Yeah (after my comment) but the big players will compete instead of doing plug-ins.

fnordpiglet · on March 24, 2023

But Microsoft does.

gaogao · on March 24, 2023

Yeah, my sense is that OpenAI moat is primarily just through the RLHF dataset right now. Most of the other things – foundational models and datasets, embeddings (roughly the plugins announcement today) – have generally already been commoditized. Just getting that dataset for fine tuning is one of the last major hurdles for the ChatGPT geist.

sdrinf · on March 24, 2023

The Open Assistant community ( https://open-assistant.io/ ) is building a crowdsourced dataset for RLHF, with apparently high quantity of high quality contributions.

boppo1 · on March 24, 2023

Running models is one thing, but surely lots of power will remain with those who have the capital/hardware to train them?

MacsHeadroom · on March 24, 2023

As of yesterday you can train 33B parameter models on a single consumer 24GB VRAM GPU with https://github.com/johnsmith0031/alpaca_lora_4bit.

It's already proven that 13B parameters is enough to beat GPT-3 175B quality. It's likely that 33B parameters is enough for GPT-4.

dudeinhawaii · on March 24, 2023

How is this "proven"? Can you point to some benchmarks that demonstrate this?
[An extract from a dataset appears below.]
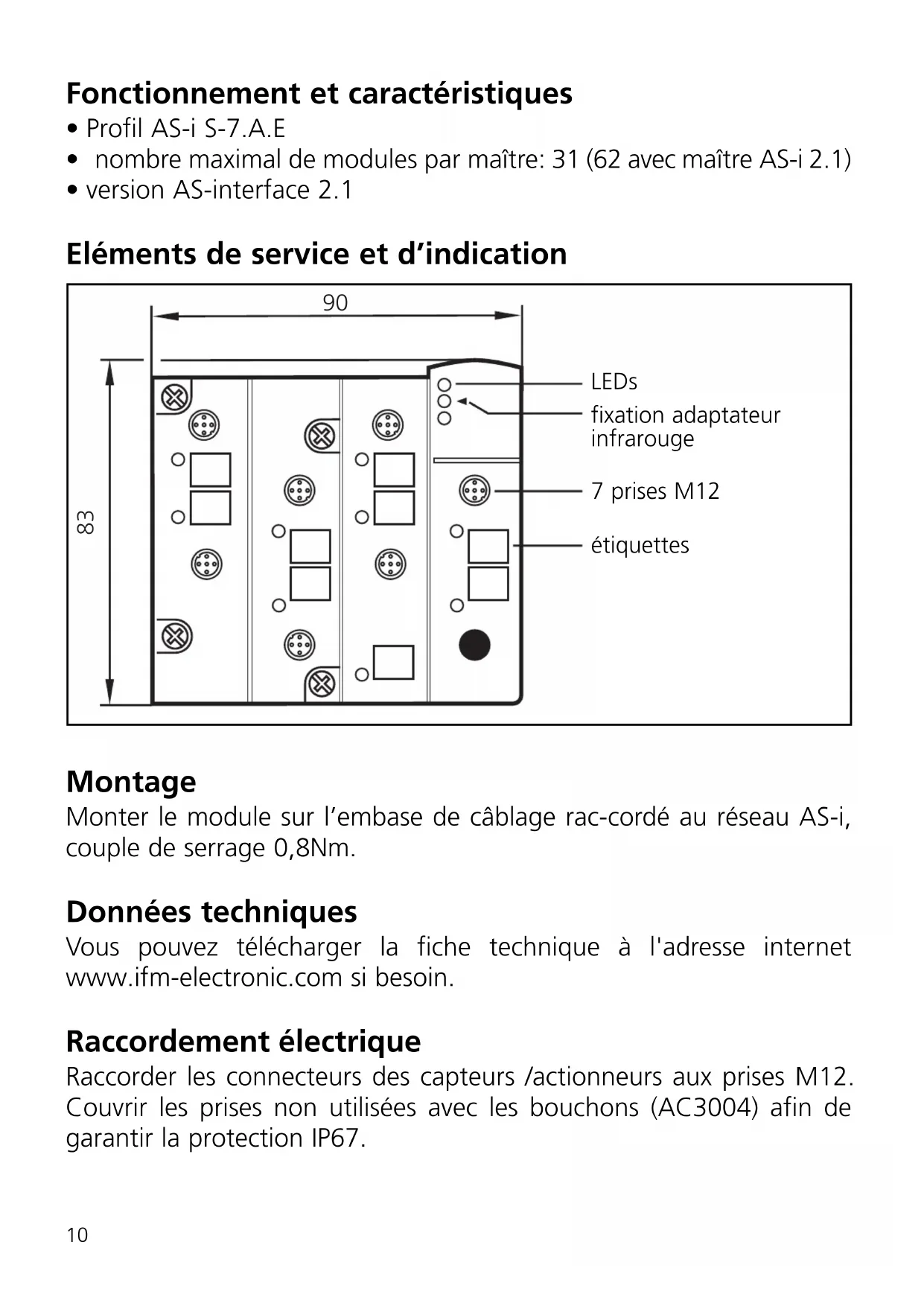 - version AS-interface 2.1 Eléments de service et d’indication Montage Monter le module sur l’embase de câblage rac-cordé au réseau AS-i, couple de serrage 0,8Nm. Données techniques Vous pouvez télécharger la fiche technique à l'adresse internet www.ifm-electronic.com si besoin. Raccordement électrique Raccorder les connecteurs des capteurs /actionneurs aux prises M12. Couvrir les prises non utilisées avec les bouchons (AC3004) afin de garantir la protection IP67.

Everything I've seen thus far has been fairly mediocre/terrible outside of a few cherry-picked prompt/response combinations.

They're awesome technical achievements and will likely improve of course but you're making some very grand statements.

rnosov · on March 24, 2023

There are benchmarks in the original LLaMA paper[1]. Specifically, on page 4 LLaMA 13B seems to beat GPT-3 in BoolQ, HellaSwag, WinoGrande, ARC-e and ARC-c benchmarks (not by much though). Examples that you've seen are likely to be based on some form quantisation / poor prompt that degrade output. My understanding that the only quantisation that doesn't seem to hurt the output is llm.int8 by Tim Dettmers. You should be able to run LLaMA 13B (8 bit quantised) on the 3090 or 4090 consumer grade GPU as of now. Also, you'd need a prompt such as LLaMA precise[2] in order to get ChatGPT like output.

[1] https://arxiv.org/pdf/2302.13971v1.pdf

[2] https://www.reddit.com/r/LocalLLaMA/comments/11tkp8j/comment...

danysdragons · on March 24, 2023

I had a similar impression from what I saw. Maybe it does perform as well as GPT-3 on narrow tasks that it was explicitly fine-tuned on, but that similarity in performance seems to collapse as soon as you go off the beaten track and give it harder tasks that involve significant reasoning. Consistent with that I've seen a few different sources claim that a small model fine-tuned off the outputs of a large one would likely struggle with unfamiliar tasks or contexts that require transfer learning or abstraction.

After seeing how it actually performs in practice, it's hard to have confidence that these benchmarks are reliable measures of model quality.

lupire · on March 24, 2023

Alpaca is fine-tuning LLaMa not training from scratch.

sterlind · on March 24, 2023

holy moly. just two nights ago I used that repo to train the 13B model on my RTX 4090. I thought 30B was weeks away,

fnordpiglet · on March 24, 2023

OpenAIs moat is the primary interfaces for the world are Google, Microsoft, and Apple, and they are attached to one of those. The others will almost certainly replicate their success and we will have three primary AI interfaces, Google, Microsoft, and Apple. That’s the power of collusive monopoly as your moat.